----- Supplied material

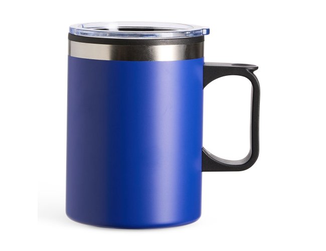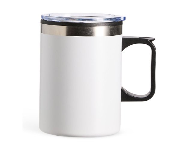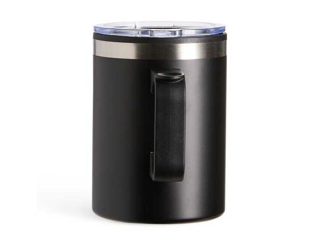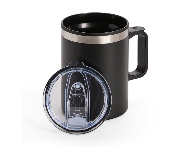 Caneca plástica com capacidade de até 375ml e revestimento externo em inox que reduz o contato direto com a temperatura dos líquidos. Conta com tampa plástica com bocal e trava de segurança, além de base emborrachada antiderrapante.
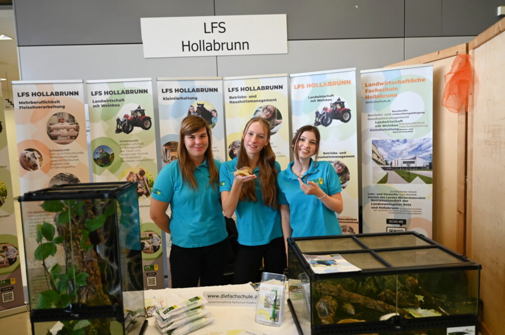 Die Landwirtschaftliche Fachschule (LFS) Hollabrunn war kürzlich auf den Bildungsmessen in Bad Vöslau, Wieselburg und Stockerau vertreten. Schülerinnen und Schüler sowie Lehrkräfte der Schule freuten sich, Interessierten die vielfältigen Ausbildungsmöglichkeiten der Schule vorzustellen.
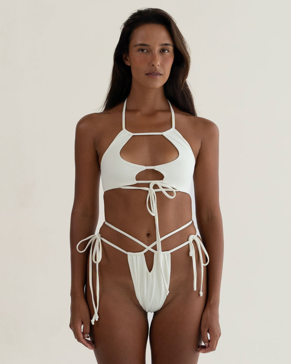 The multiple String Tie bikini. Featured with various cut outs, a double string tie bottom, and an uplifting effect top.
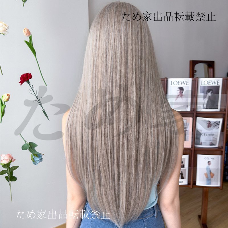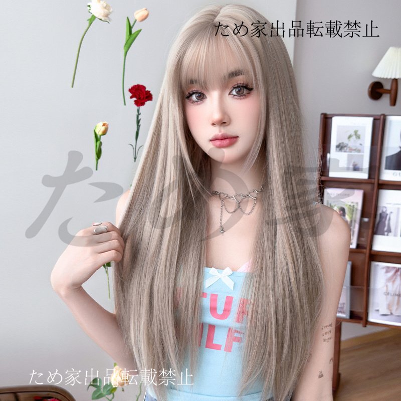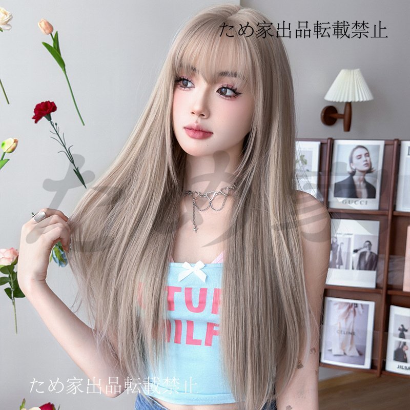 新品人毛 ロングストレートウィッグ フルバング ミルクティーグレージュ つむじ部分手植え 自然に見えますフルウィッグ
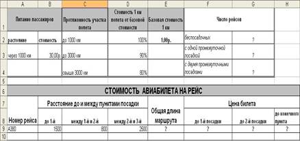 Завдання № 2. Розрахувати ціну авіаквитка до заданого пункту посадки. Ціна квитка складається з наступних складових: [ Вартість перельоту ] + [ Вартість харчування в польоті ] + [ Вартість доставки в аеропорт ] 1. Загальна вартість перельоту складається з вартостей на кожній ділянці маршруту. Вартість на кожній ділянці маршруту - [ Відстань до пункту посадки ] * [ Вартість 1 км]. Вартість 1 км залежить від протяжності ділянки і визначається як процентне співвідношення до деякої встановленої базової вартості 1 км. 2. Вартість харчування пасажира в польоті - [ Кількість разів ] * 30 р. Кількість разів розраховується як - [ Загальна відстань до пункту посадки ] / 1000, округлене до цілого. 3. Вартість доставки в аеропорт становить 50 р. і тільки для пасажирів тих рейсів, у яких загальна довжина маршруту понад 3500 км. Функції. Для розрахунку кількості разів харчування - ОКРУГЛВНИЗ () або ЦІЛЕ (), для розрахунку числа рейсів за типами РАХУНОК () Умовне форматування. Якщо загальна довжина маршруту понад 5000 км, то номер рейсу повинен відображатися напівжирним на рожевому фоні. Графік. [ Номер рейсу ] - [ Відстань до і між пунктами посадки ].
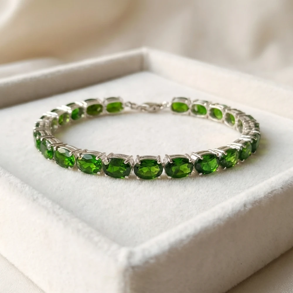 The Forest Elegance Bracelet captures the deep, captivating beauty of nature through vivid oval-cut natural chromium diopside gemstones. Renowned for their intense forest-green brilliance, each gemstone is precision-set in polished 925 sterling silver, creating a refined yet striking silhouette. Elegant, vibrant, and timeless, this bracelet is designed for those who appreciate bold colour balanced with fine craftsmanship.
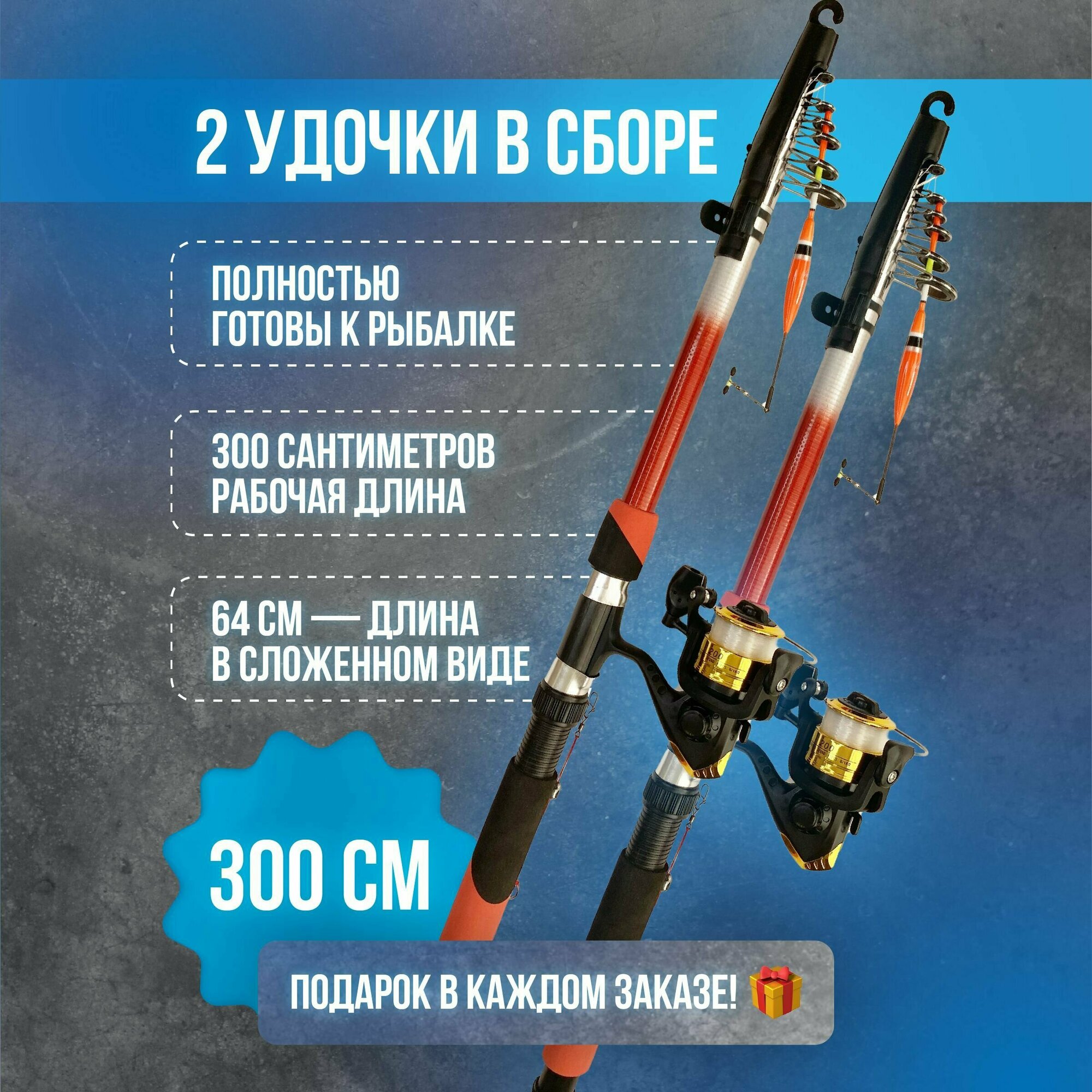 Купить Фидерное удилище с катушкой телескопическое для рыбалки в сборе 300 см, 2 шт
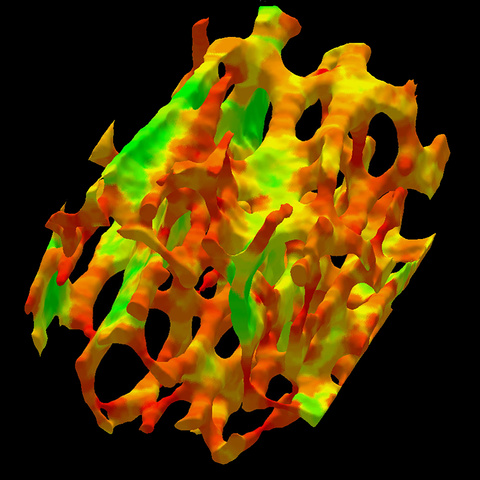 Osteoporosis is a common and debilitating condition of aging. Treatments are most effective in the early stages of the disease. Therefore, identifying early bone loss is a key to slowing and/or stopping disease progression. Bone loss begins in the trabecular or “spongy” bone, which is found at the ends of the cortical bones that provide structural support for the body. This image shows the plates (green) and rods (red) of human trabecular bone at the distal tibia. Histologic evidence confirms the relationship between the gradual conversion of trabecular plates to rods and increased fracture risk. The Saha Lab developed a computational method that identifies these structures more distinctly than other imaging options. The unique algorithm characterizes individual trabecular bone on the continuum between a perfect plate (green) and perfect rod (red), enabling early detection of imbalance between trabecular bone plates and rods and thus, increased risk for fracture.
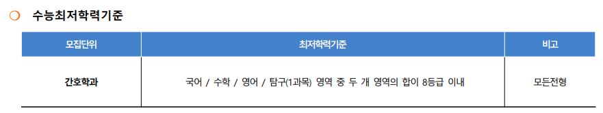 간호학과는 모든전형에서 최저학력기준이 있는데, 국어 / 수학 / 영어 / 탐구(1과목) 영역 중 두 개 영역의 합이 8등급 이내여야 합니다.

----------

[Exercise brief] Return all the records exactly. Skip the pictures.

[Finished task]
 Caneca plástica com capacidade de até 375ml e revestimento externo em inox que reduz o contato direto com a temperatura dos líquidos. Conta com tampa plástica com bocal e trava de segurança, além de base emborrachada antiderrapante.
 Die Landwirtschaftliche Fachschule (LFS) Hollabrunn war kürzlich auf den Bildungsmessen in Bad Vöslau, Wieselburg und Stockerau vertreten. Schülerinnen und Schüler sowie Lehrkräfte der Schule freuten sich, Interessierten die vielfältigen Ausbildungsmöglichkeiten der Schule vorzustellen.
 The multiple String Tie bikini. Featured with various cut outs, a double string tie bottom, and an uplifting effect top.
 新品人毛 ロングストレートウィッグ フルバング ミルクティーグレージュ つむじ部分手植え 自然に見えますフルウィッグ
 Завдання № 2. Розрахувати ціну авіаквитка до заданого пункту посадки. Ціна квитка складається з наступних складових: [ Вартість перельоту ] + [ Вартість харчування в польоті ] + [ Вартість доставки в аеропорт ] 1. Загальна вартість перельоту складається з вартостей на кожній ділянці маршруту. Вартість на кожній ділянці маршруту - [ Відстань до пункту посадки ] * [ Вартість 1 км]. Вартість 1 км залежить від протяжності ділянки і визначається як процентне співвідношення до деякої встановленої базової вартості 1 км. 2. Вартість харчування пасажира в польоті - [ Кількість разів ] * 30 р. Кількість разів розраховується як - [ Загальна відстань до пункту посадки ] / 1000, округлене до цілого. 3. Вартість доставки в аеропорт становить 50 р. і тільки для пасажирів тих рейсів, у яких загальна довжина маршруту понад 3500 км. Функції. Для розрахунку кількості разів харчування - ОКРУГЛВНИЗ () або ЦІЛЕ (), для розрахунку числа рейсів за типами РАХУНОК () Умовне форматування. Якщо загальна довжина маршруту понад 5000 км, то номер рейсу повинен відображатися напівжирним на рожевому фоні. Графік. [ Номер рейсу ] - [ Відстань до і між пунктами посадки ].
 The Forest Elegance Bracelet captures the deep, captivating beauty of nature through vivid oval-cut natural chromium diopside gemstones. Renowned for their intense forest-green brilliance, each gemstone is precision-set in polished 925 sterling silver, creating a refined yet striking silhouette. Elegant, vibrant, and timeless, this bracelet is designed for those who appreciate bold colour balanced with fine craftsmanship.
 Купить Фидерное удилище с катушкой телескопическое для рыбалки в сборе 300 см, 2 шт
 Osteoporosis is a common and debilitating condition of aging. Treatments are most effective in the early stages of the disease. Therefore, identifying early bone loss is a key to slowing and/or stopping disease progression. Bone loss begins in the trabecular or “spongy” bone, which is found at the ends of the cortical bones that provide structural support for the body. This image shows the plates (green) and rods (red) of human trabecular bone at the distal tibia. Histologic evidence confirms the relationship between the gradual conversion of trabecular plates to rods and increased fracture risk. The Saha Lab developed a computational method that identifies these structures more distinctly than other imaging options. The unique algorithm characterizes individual trabecular bone on the continuum between a perfect plate (green) and perfect rod (red), enabling early detection of imbalance between trabecular bone plates and rods and thus, increased risk for fracture.
 간호학과는 모든전형에서 최저학력기준이 있는데, 국어 / 수학 / 영어 / 탐구(1과목) 영역 중 두 개 영역의 합이 8등급 이내여야 합니다.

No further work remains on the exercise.